## What you have to do
Only the lines from the one containing "as Living rooms" to the end of the records belong in the answer; repeat them exactly and drop the pictures.

◇ ◇ ◇ ◇

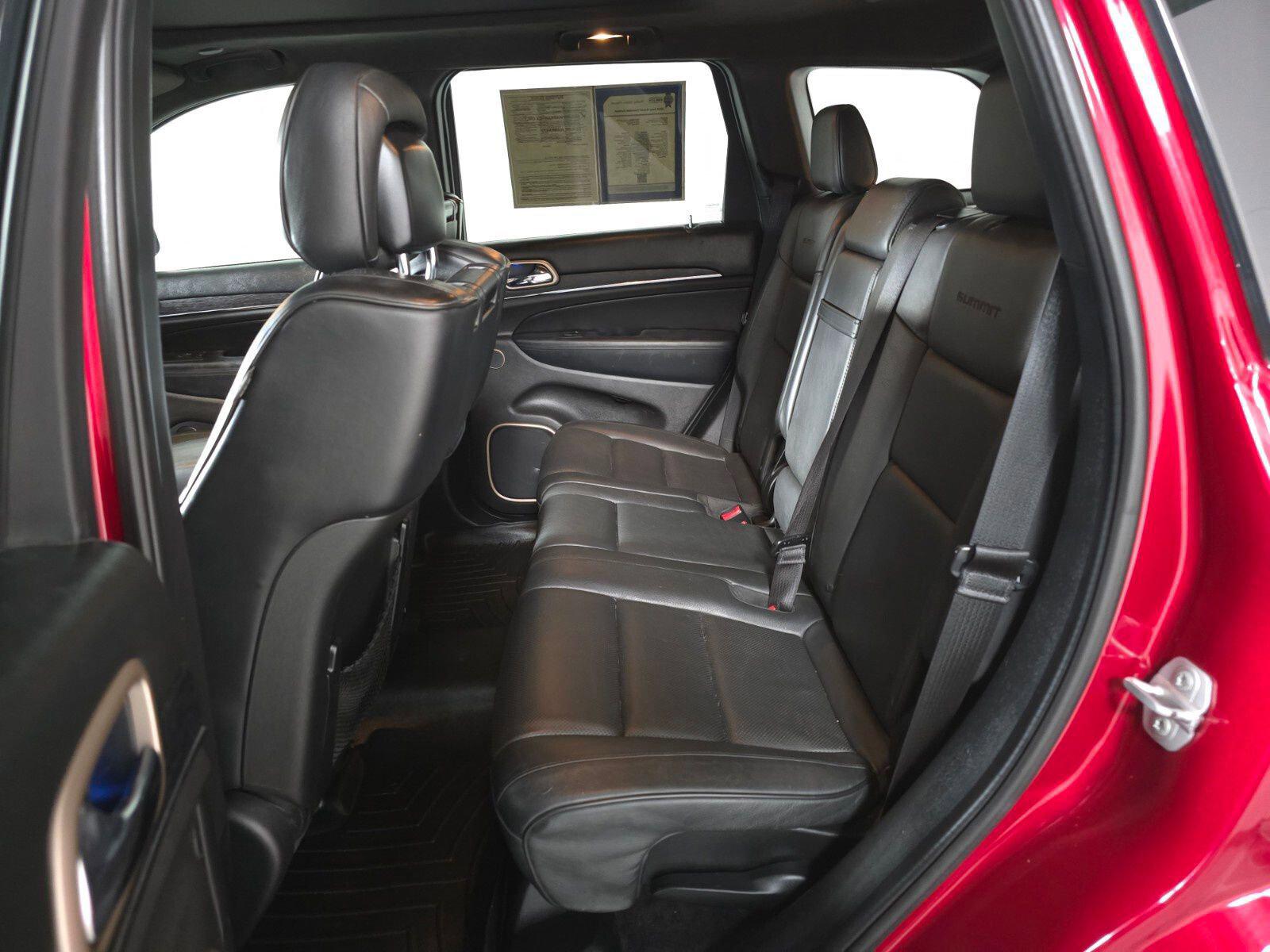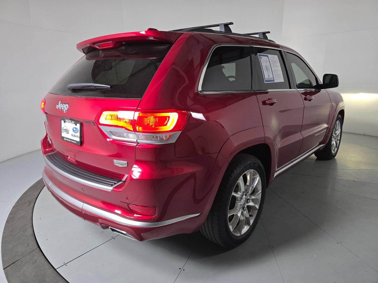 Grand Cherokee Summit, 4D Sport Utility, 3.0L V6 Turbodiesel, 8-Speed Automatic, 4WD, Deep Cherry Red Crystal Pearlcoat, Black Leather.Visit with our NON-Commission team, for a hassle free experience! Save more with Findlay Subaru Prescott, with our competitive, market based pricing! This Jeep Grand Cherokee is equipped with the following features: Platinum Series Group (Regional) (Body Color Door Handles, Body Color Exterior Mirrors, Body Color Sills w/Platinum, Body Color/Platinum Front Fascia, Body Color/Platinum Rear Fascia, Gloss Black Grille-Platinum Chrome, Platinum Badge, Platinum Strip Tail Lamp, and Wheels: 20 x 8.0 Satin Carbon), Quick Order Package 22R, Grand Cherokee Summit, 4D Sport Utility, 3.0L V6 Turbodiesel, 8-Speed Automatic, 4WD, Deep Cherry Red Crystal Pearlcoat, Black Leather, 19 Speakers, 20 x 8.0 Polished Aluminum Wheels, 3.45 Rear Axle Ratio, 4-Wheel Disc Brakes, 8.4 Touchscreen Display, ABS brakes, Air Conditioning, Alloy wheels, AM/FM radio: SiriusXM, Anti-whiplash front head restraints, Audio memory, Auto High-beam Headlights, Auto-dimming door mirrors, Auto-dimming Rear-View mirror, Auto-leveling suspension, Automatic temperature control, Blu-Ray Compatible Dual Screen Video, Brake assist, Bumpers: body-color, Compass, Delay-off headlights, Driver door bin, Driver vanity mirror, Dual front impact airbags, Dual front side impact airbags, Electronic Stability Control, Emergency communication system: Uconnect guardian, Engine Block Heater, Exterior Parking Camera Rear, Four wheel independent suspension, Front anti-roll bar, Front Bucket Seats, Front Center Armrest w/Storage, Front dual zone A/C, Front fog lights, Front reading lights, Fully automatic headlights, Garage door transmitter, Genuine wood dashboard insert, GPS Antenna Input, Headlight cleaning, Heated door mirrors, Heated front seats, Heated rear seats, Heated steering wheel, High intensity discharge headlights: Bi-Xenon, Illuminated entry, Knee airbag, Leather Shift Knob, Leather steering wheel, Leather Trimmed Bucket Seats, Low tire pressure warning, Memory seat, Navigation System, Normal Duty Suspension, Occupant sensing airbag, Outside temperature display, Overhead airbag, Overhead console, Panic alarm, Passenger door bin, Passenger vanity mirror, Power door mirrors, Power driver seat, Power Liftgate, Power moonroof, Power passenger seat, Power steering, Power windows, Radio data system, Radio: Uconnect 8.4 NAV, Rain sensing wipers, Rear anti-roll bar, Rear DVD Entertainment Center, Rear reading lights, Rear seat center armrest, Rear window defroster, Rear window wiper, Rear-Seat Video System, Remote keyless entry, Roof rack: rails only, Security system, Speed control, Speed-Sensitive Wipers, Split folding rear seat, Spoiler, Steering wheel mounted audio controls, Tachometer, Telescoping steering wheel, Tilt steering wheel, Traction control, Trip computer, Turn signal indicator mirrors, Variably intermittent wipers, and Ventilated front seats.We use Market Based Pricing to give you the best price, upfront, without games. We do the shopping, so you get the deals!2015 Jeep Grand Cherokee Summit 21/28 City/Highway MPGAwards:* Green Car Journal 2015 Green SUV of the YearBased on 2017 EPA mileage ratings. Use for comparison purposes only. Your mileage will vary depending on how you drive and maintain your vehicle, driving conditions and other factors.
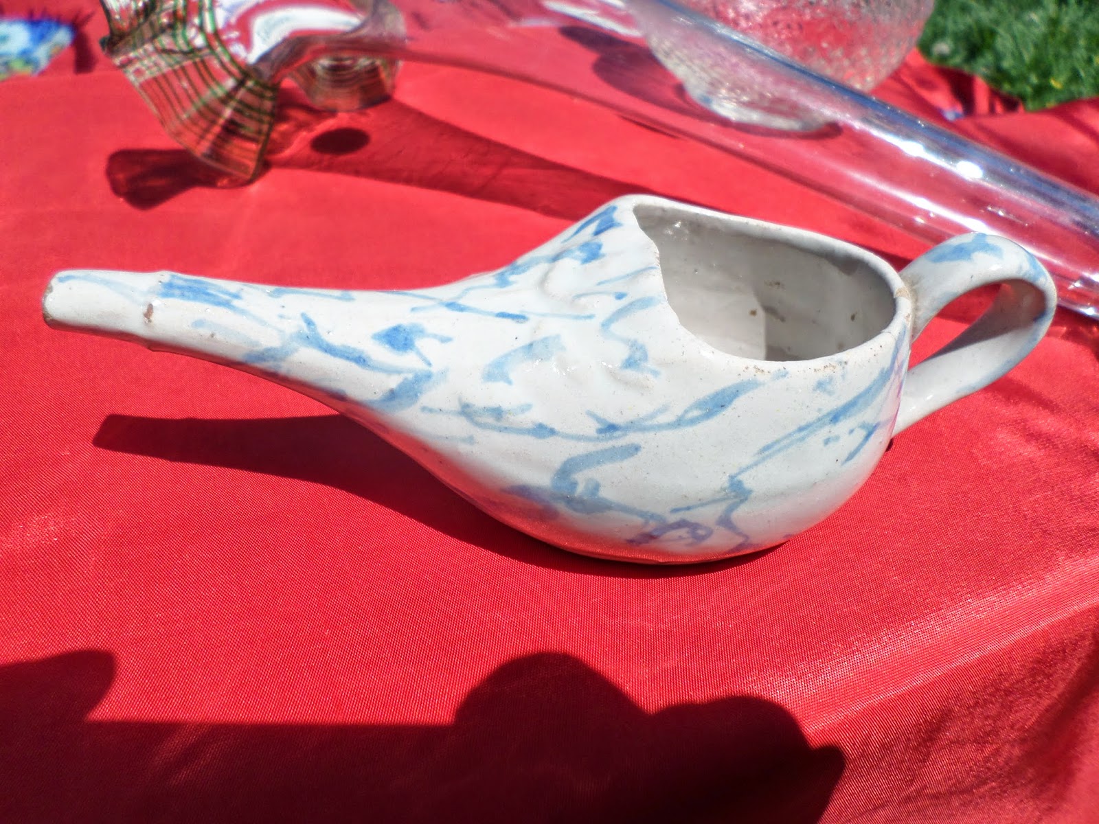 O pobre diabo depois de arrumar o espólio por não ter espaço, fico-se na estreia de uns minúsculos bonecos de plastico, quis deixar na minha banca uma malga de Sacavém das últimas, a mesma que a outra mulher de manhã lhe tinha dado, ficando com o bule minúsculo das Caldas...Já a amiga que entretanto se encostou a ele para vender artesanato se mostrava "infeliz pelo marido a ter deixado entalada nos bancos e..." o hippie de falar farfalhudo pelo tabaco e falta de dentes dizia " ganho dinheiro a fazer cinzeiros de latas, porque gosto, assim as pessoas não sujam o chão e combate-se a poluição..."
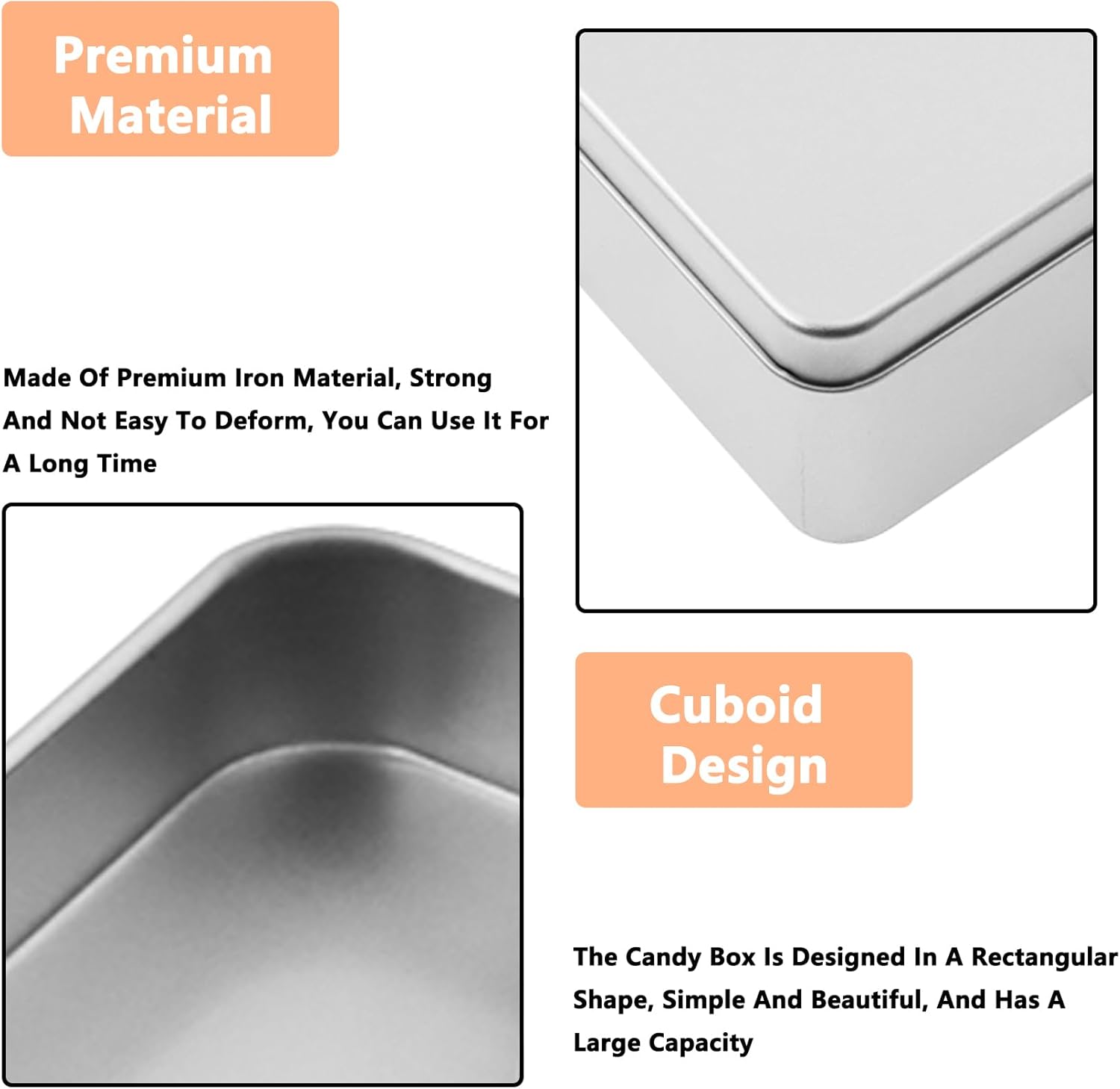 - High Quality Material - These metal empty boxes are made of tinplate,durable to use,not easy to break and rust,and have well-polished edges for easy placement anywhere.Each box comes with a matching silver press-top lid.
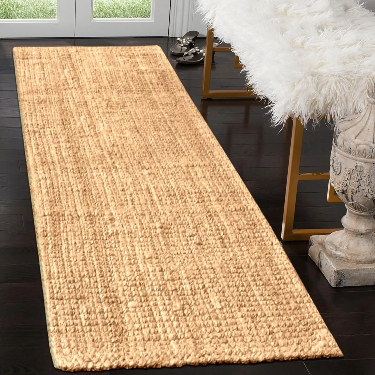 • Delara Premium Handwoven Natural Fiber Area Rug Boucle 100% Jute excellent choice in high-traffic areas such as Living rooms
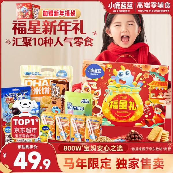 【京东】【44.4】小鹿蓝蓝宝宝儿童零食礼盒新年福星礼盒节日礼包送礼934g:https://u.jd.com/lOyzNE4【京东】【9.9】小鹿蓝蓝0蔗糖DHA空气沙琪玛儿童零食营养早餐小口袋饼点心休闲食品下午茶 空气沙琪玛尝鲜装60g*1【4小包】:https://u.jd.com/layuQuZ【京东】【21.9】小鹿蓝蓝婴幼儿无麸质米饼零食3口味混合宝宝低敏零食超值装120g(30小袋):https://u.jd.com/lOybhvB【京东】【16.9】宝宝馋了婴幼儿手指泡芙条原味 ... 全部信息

◇ ◇ ◇ ◇

## Output
 • Delara Premium Handwoven Natural Fiber Area Rug Boucle 100% Jute excellent choice in high-traffic areas such as Living rooms
 【京东】【44.4】小鹿蓝蓝宝宝儿童零食礼盒新年福星礼盒节日礼包送礼934g:https://u.jd.com/lOyzNE4【京东】【9.9】小鹿蓝蓝0蔗糖DHA空气沙琪玛儿童零食营养早餐小口袋饼点心休闲食品下午茶 空气沙琪玛尝鲜装60g*1【4小包】:https://u.jd.com/layuQuZ【京东】【21.9】小鹿蓝蓝婴幼儿无麸质米饼零食3口味混合宝宝低敏零食超值装120g(30小袋):https://u.jd.com/lOybhvB【京东】【16.9】宝宝馋了婴幼儿手指泡芙条原味 ... 全部信息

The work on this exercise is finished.